• **TASK REQUIREMENTS**
The expected output is every line of the data exactly as shown, minus the images.

• **DATA SECTION**
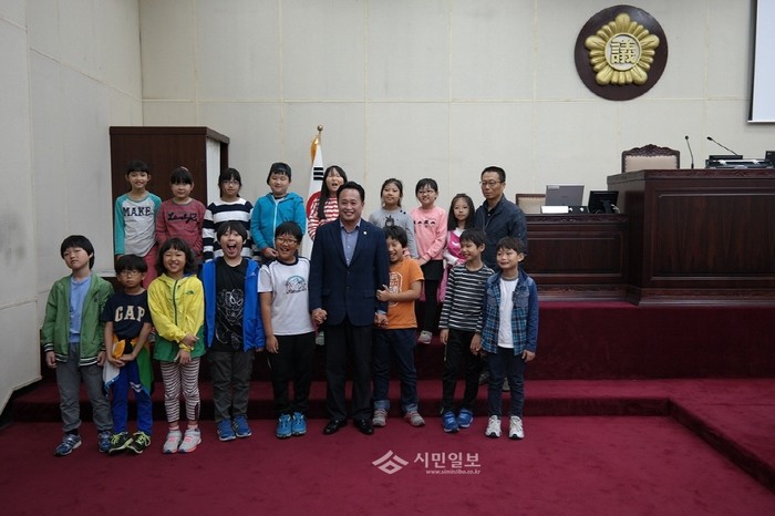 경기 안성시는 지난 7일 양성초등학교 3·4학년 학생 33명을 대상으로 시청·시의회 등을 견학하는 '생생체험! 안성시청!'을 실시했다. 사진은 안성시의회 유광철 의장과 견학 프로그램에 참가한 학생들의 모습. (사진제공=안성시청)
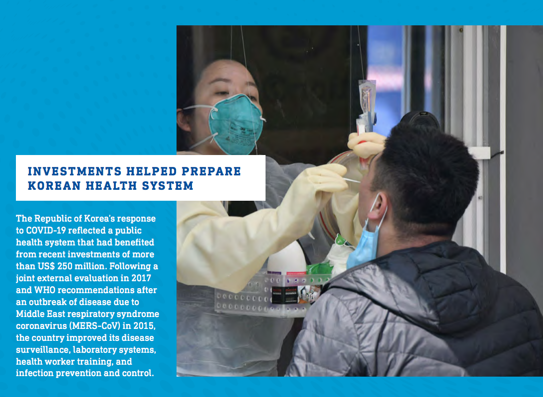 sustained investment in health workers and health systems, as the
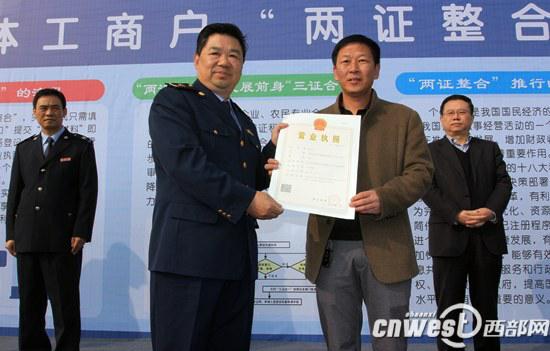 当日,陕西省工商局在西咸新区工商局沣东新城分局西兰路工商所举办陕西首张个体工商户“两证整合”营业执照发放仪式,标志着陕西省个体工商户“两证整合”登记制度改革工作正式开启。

• **ANSWER TO THE EXERCISE**
 경기 안성시는 지난 7일 양성초등학교 3·4학년 학생 33명을 대상으로 시청·시의회 등을 견학하는 '생생체험! 안성시청!'을 실시했다. 사진은 안성시의회 유광철 의장과 견학 프로그램에 참가한 학생들의 모습. (사진제공=안성시청)
 sustained investment in health workers and health systems, as the
 当日,陕西省工商局在西咸新区工商局沣东新城分局西兰路工商所举办陕西首张个体工商户“两证整合”营业执照发放仪式,标志着陕西省个体工商户“两证整合”登记制度改革工作正式开启。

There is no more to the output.